В конце жизни мама вспомнит о Комсомольске. Я рада, что она видела это Небо, которого больше нет нигде в мире.
Увы, Земля, воспетая Верой Кетлинской в романе «Мужество», по контрасту представила нашим глазам зрелище безобразное, отталкивающее.
Город строили заключённые.
Уже построены Амур-сталь, судоверфь, завод самолётостроения, а между ними – бескрайние пустыри, на которых там и сям виднеются огороженные «зоны», обтянутые колючей проволокой, с овчарками, с вышками, с часовыми… Вечерами к ним стекаются колонны машин с зарешёченными окнами. Это возвращаются со строек на ночлег армия бесплатных работников.
Многие зэки, выйдя на свободу, здесь и оседают, вокзал принимает толпы бывших заключённых, едущих домой (1955 г.). Помню один из таких «транзитников» попросил у меня разменять его крупные купюры на мелкие. Я отсчитала и протянула их ему, а он вдруг и говорит: «Вот только сейчас я понял, что я на свободе».
Зэки и в общежитии. Один из них забрёл в нашу комнату: она никогда не закрывалась. Лицо врезалось в память. Он читал наизусть из пятой главы «Евгения Онегина» сон Татьяны. Такого страстного, такого жгучего, такого личного отношения, когда каждая строка полна живым и никому из нас, слушавших, неведомым страданием, я, конечно, никогда более не встречу. Это не под силу ни одному в мире актёру.
Тут кончается искусство,
Тут дышат почва и судьба…
Этот человек побывал на дне Преисподней и обжёг нас близостью к ней.
Потом он добился разрешения приходить в свободное время в школу и часами музицировал в учительской, где стояло пианино. Затем – исчез…
Мы с Веркой привезли с собою огромный ящик её и моих книг. Целая библиотека самых любимых… Появились и читатели. Зачастил к нам Генка Шараев с карими глазёнками умного татарчонка. Этот народец мне знаком, мы подружились. Хотя на уроках именно он, Генка, «доставал» меня больше других.

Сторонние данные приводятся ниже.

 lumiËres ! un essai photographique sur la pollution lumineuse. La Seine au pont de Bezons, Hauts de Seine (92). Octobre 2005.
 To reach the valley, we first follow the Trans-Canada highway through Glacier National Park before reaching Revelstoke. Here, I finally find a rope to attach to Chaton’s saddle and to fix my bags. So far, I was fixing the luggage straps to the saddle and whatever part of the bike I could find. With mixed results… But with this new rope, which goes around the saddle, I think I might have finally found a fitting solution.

Он просто сидеть не мог без дела, а я что-то мямлила у доски…
Как тосковала я без литературы!
Забредали разные люди. Однажды появилась журналистка, тоже с Запада (так называли всех, начиная от Урала и дальше), и, потрясённая, рассказала о том, что она увидела «внутри» зоны. Оказывается, женщины и мужчины находились там вместе и после рабочего дня начиналось то, что в народе называют «свальным грехом»: в темноте они, не видя друг друга, ползали по телам, совокупляясь, скопившись в одну бесформенную кучу. Этот образ «коллективного человечества» встречу у Р. Монро и вспомню рассказ той журналистки.
Приходила и пожилая учительница, жена репрессированного, брала книги для дочери. Именно она «раскрыла нам глаза». Приходила она в сумерки, тайком выкладывала факты, которые позднее легли в основу нашего письма в ЦК КПСС, потом, сохраняя конспирацию, растворялась в темноте.

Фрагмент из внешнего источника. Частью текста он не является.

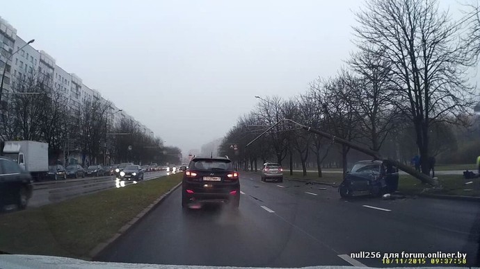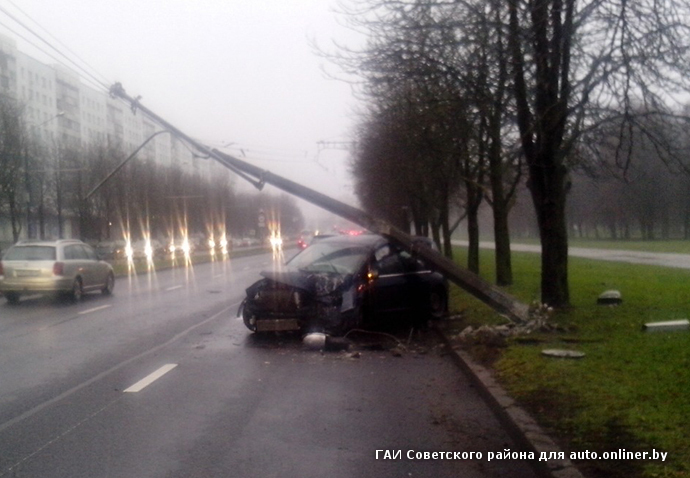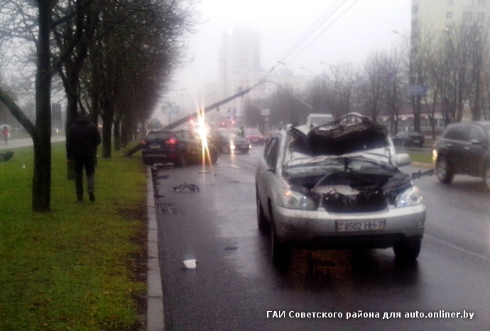 На момент 11:00 в районе столичной площади Бангалор еще велись работы по устранению последствий аварии, произошедшей в 9:30. Троллейбусы стояли: контактная линия оказалась повреждена, и движение стало невозможным. Сам поврежденный столб от удара надломился у основания и упал в сторону проезжей части, повиснув на проводах. Две полосы ул. Богдановича оказались перекрыты. Таковы последствия одного неудачного перестроения, сообщили в ГАИ предварительную версию.

Вот что узнали мы от неё. Прежняя директор не имела даже документа об образовании, она могла предъявить только какую-то сомнительную справку об окончании не то начальной, не то средней школы. Была груба и развратна, имела такую дурную славу, что против неё восстали не только учителя, но и весь посёлок.
В краевую газету ушло письмо. Оттуда приехал корреспондент и преподал урок, как жаловаться на администрацию. Вечером, на глазах у всех, в том числе учеников, голая директорша выскакивала из дома (она жила при школе), а корреспондент тоже голый и пьяный, гонялся за ней вокруг школы…
Он уехал… А её назначили директором вновь выстроенной школы-десятилетки, куда попала Верка. Это было за год до нашего приезда. В семилетку на место прежней посадили такую же, она при мне стала женой милиционера.
На фоне таких вот событий совершенно исключительной стала история Вити Савельева.
Однажды я услышала (теперь не помню, при каких обстоятельствах) об этом шестикласснике из Веркиной школы. Мать его, бухгалтера, посадили, когда мальчик был трёхлетним крохой. Её приговорили к десяти годам. Дядя его, юрист, который жил во Владивостоке, взял ребёнка на воспитание.